- EXERCISE
Look below for the line with "4月29日,秀峰区秀峰街道解" and the line with "ระหว่างทางสวยงามเสมอ บังเอิญเจอทุ่งปอเทือง เยียบคันเร่งต่อไม่ไหว". Copy exactly those two lines and every line between, but not the pictures.

[EXERCISE INPUT Boundary: Start]

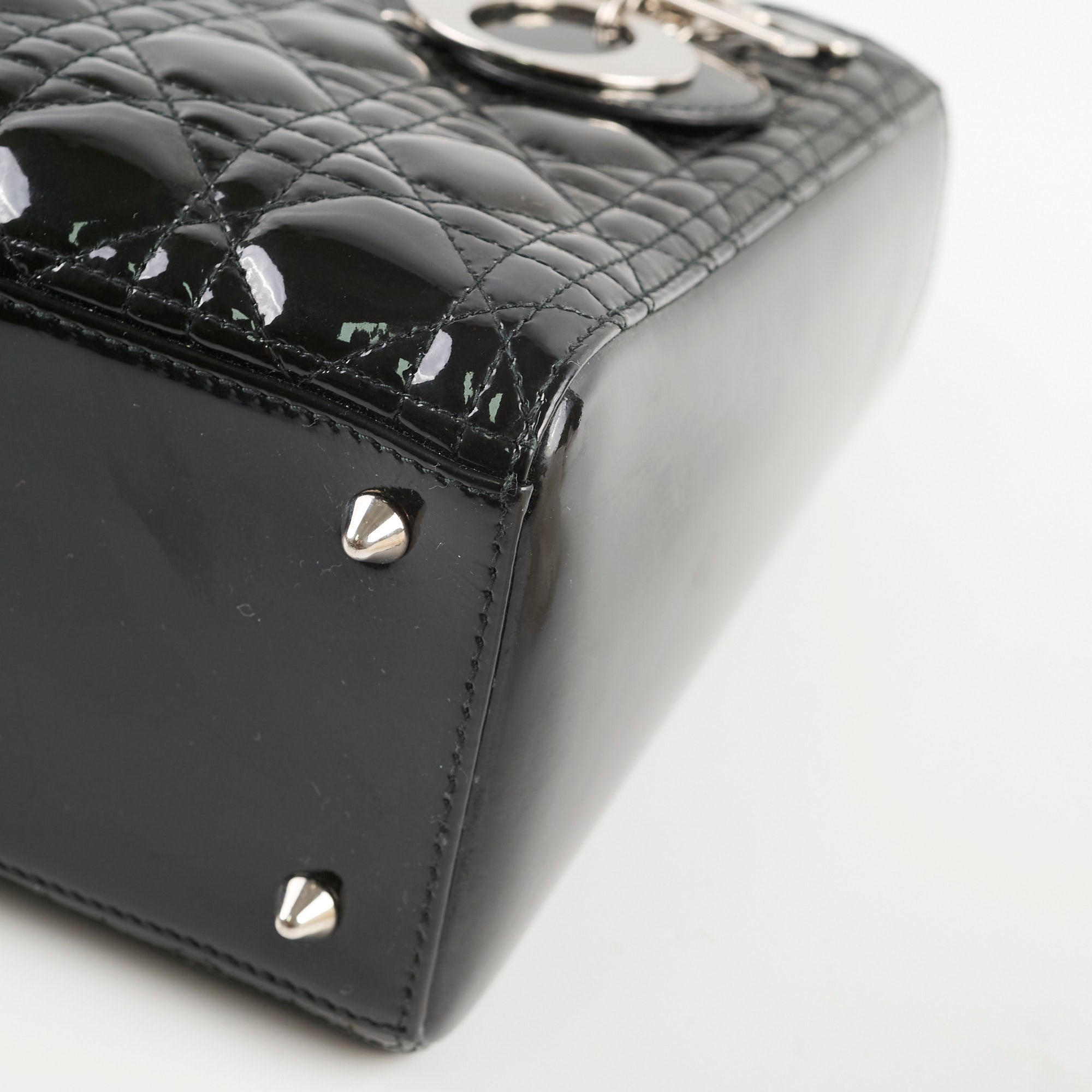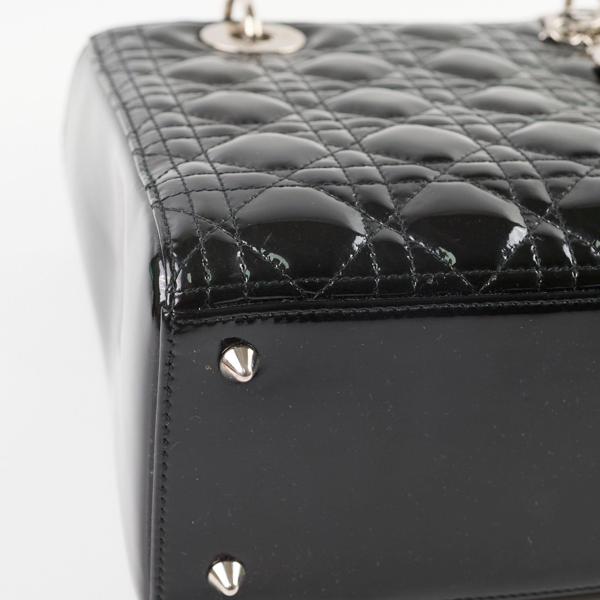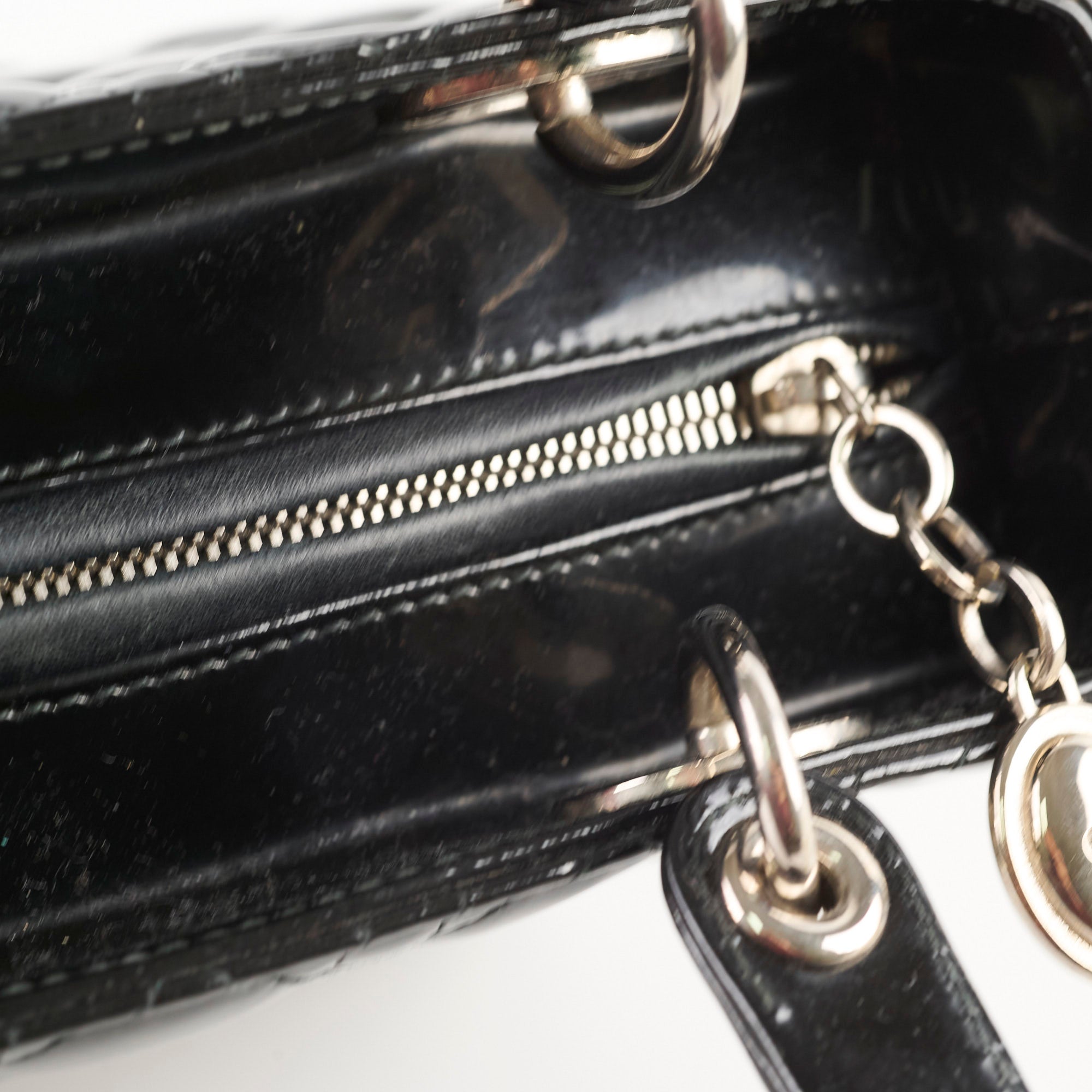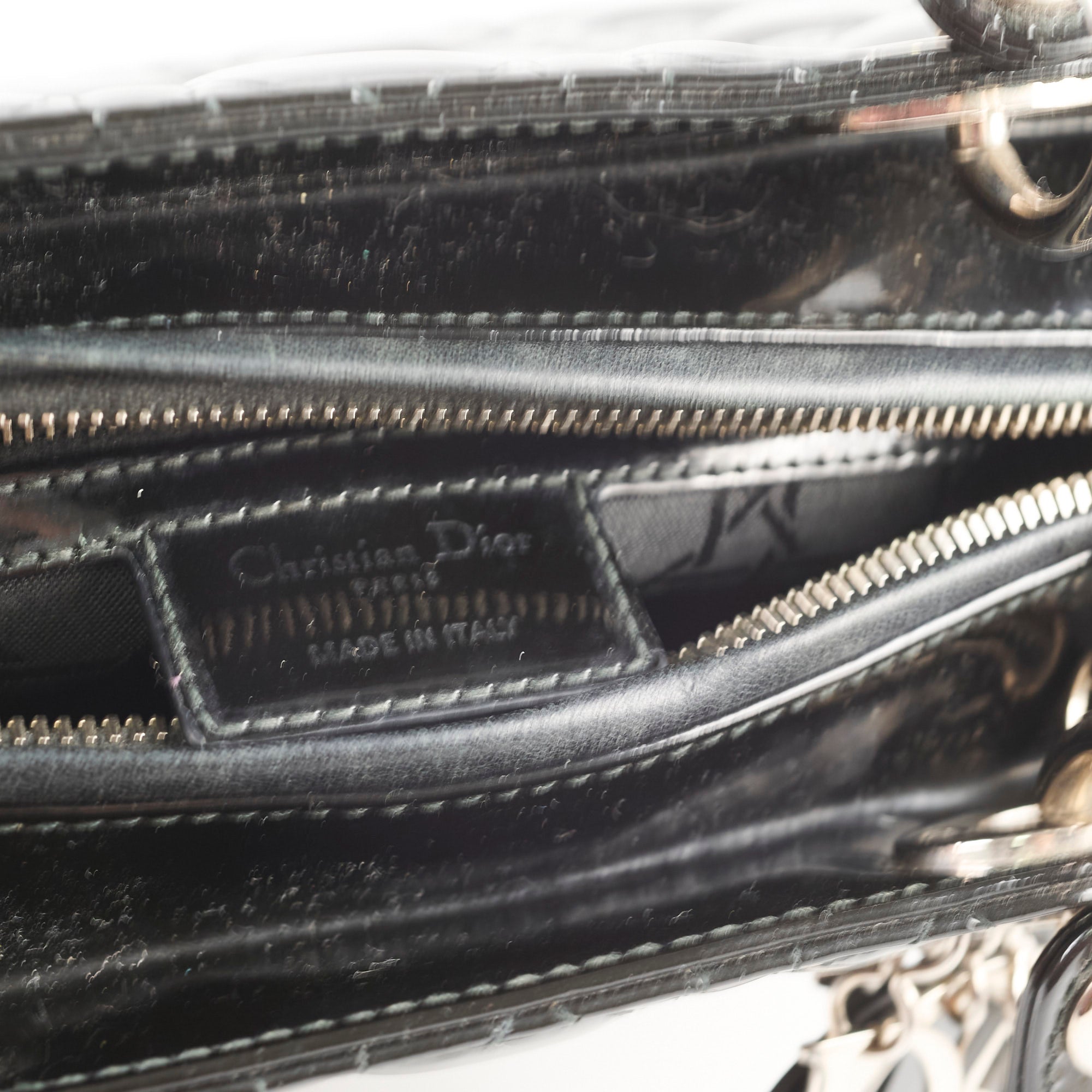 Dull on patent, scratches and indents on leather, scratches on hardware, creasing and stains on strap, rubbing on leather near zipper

[EXERCISE INPUT Boundary: End]
[EXERCISE INPUT Boundary: Start]

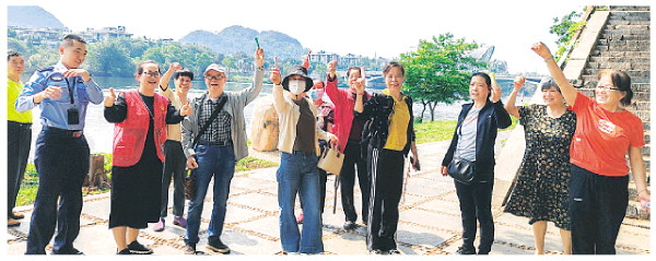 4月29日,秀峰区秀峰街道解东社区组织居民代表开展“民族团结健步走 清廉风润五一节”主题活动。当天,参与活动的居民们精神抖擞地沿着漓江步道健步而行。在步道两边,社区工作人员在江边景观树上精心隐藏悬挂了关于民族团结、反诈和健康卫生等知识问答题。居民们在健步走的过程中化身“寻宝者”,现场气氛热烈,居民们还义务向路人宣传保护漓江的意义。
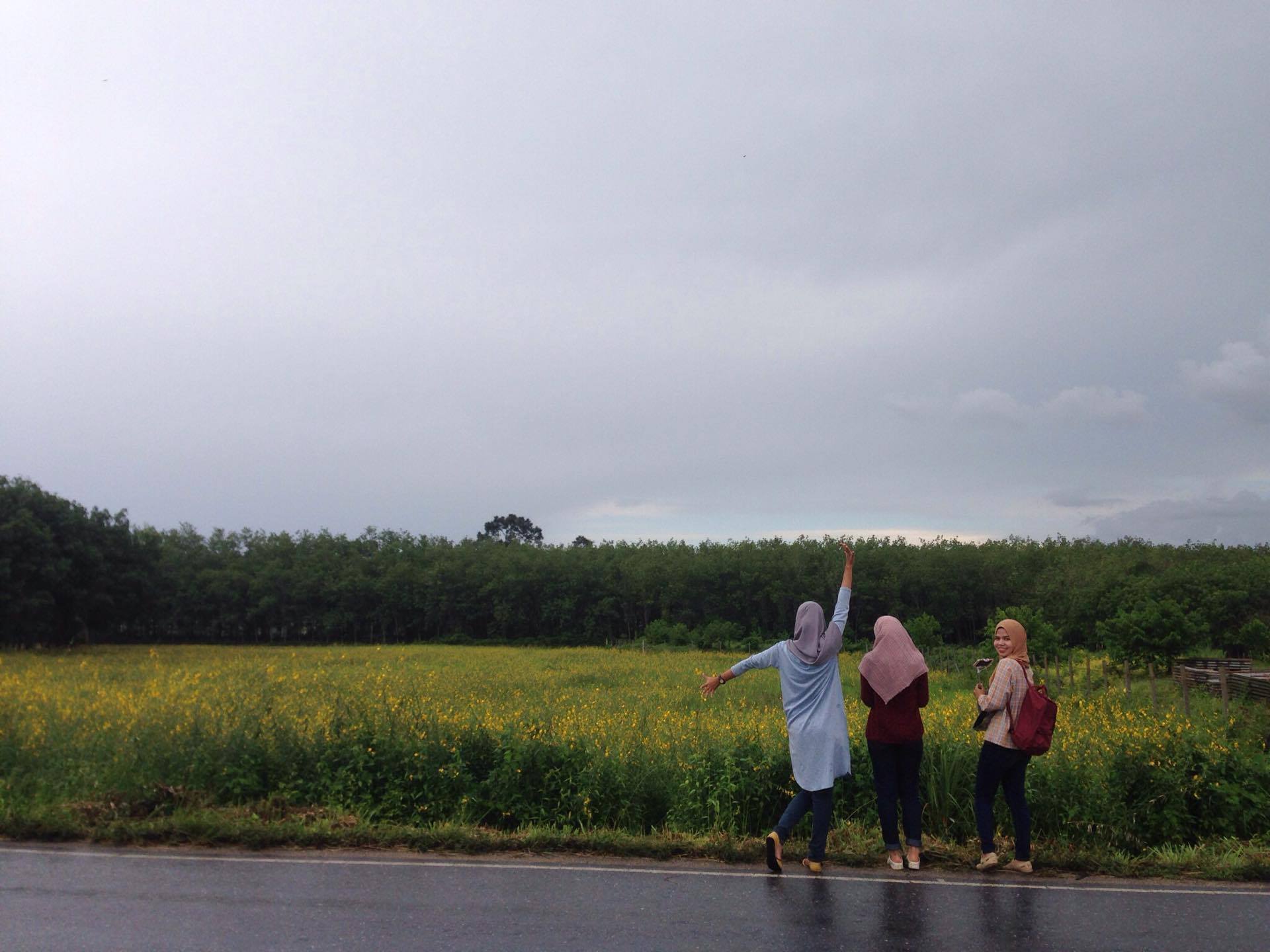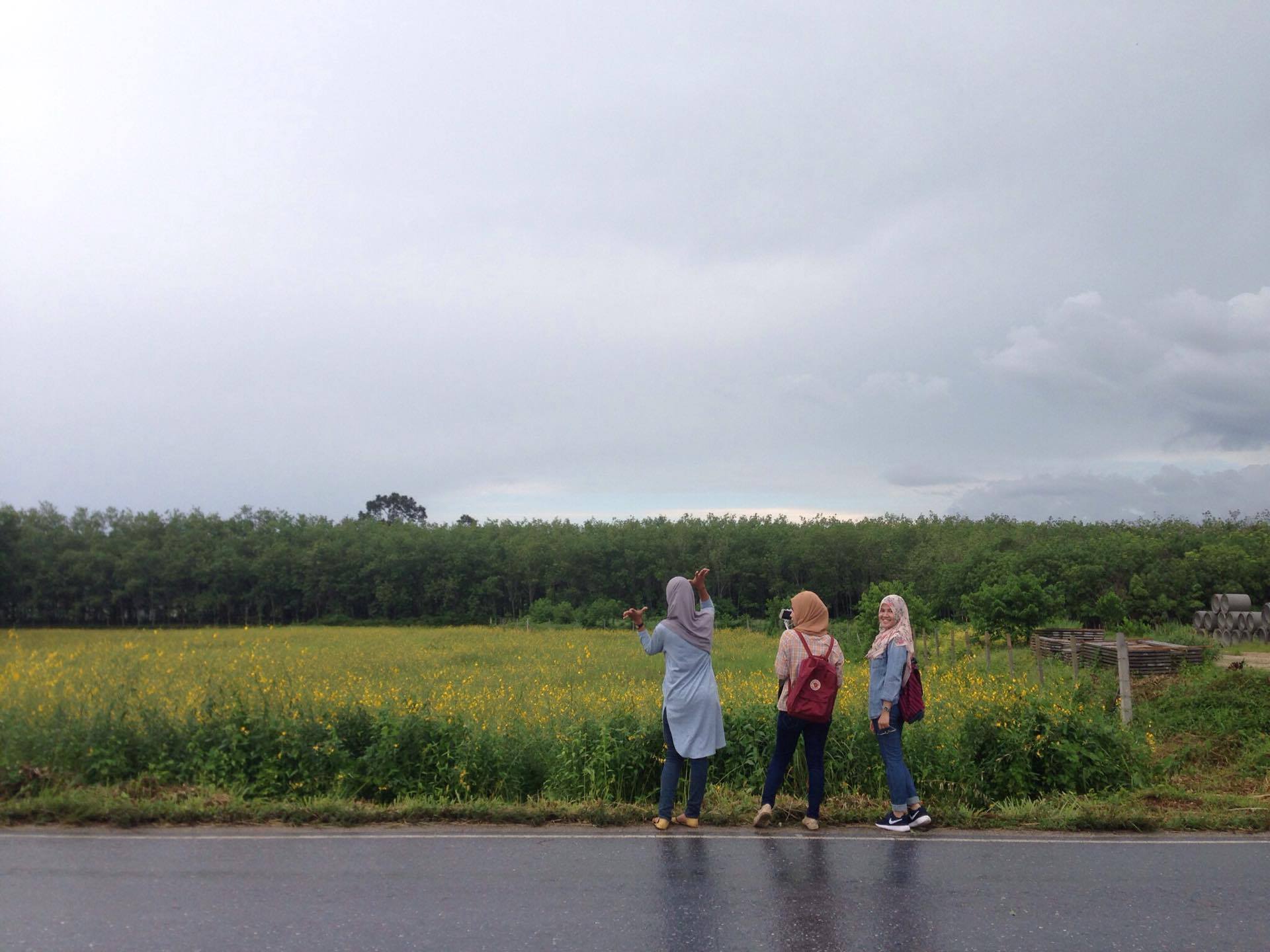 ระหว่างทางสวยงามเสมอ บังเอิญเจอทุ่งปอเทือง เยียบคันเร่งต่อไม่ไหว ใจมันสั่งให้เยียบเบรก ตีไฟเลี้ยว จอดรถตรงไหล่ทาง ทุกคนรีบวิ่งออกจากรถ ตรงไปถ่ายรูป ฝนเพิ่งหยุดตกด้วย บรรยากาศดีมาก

[EXERCISE INPUT Boundary: End]

- EXERCISE ANSWER
 4月29日,秀峰区秀峰街道解东社区组织居民代表开展“民族团结健步走 清廉风润五一节”主题活动。当天,参与活动的居民们精神抖擞地沿着漓江步道健步而行。在步道两边,社区工作人员在江边景观树上精心隐藏悬挂了关于民族团结、反诈和健康卫生等知识问答题。居民们在健步走的过程中化身“寻宝者”,现场气氛热烈,居民们还义务向路人宣传保护漓江的意义。
 ระหว่างทางสวยงามเสมอ บังเอิญเจอทุ่งปอเทือง เยียบคันเร่งต่อไม่ไหว ใจมันสั่งให้เยียบเบรก ตีไฟเลี้ยว จอดรถตรงไหล่ทาง ทุกคนรีบวิ่งออกจากรถ ตรงไปถ่ายรูป ฝนเพิ่งหยุดตกด้วย บรรยากาศดีมาก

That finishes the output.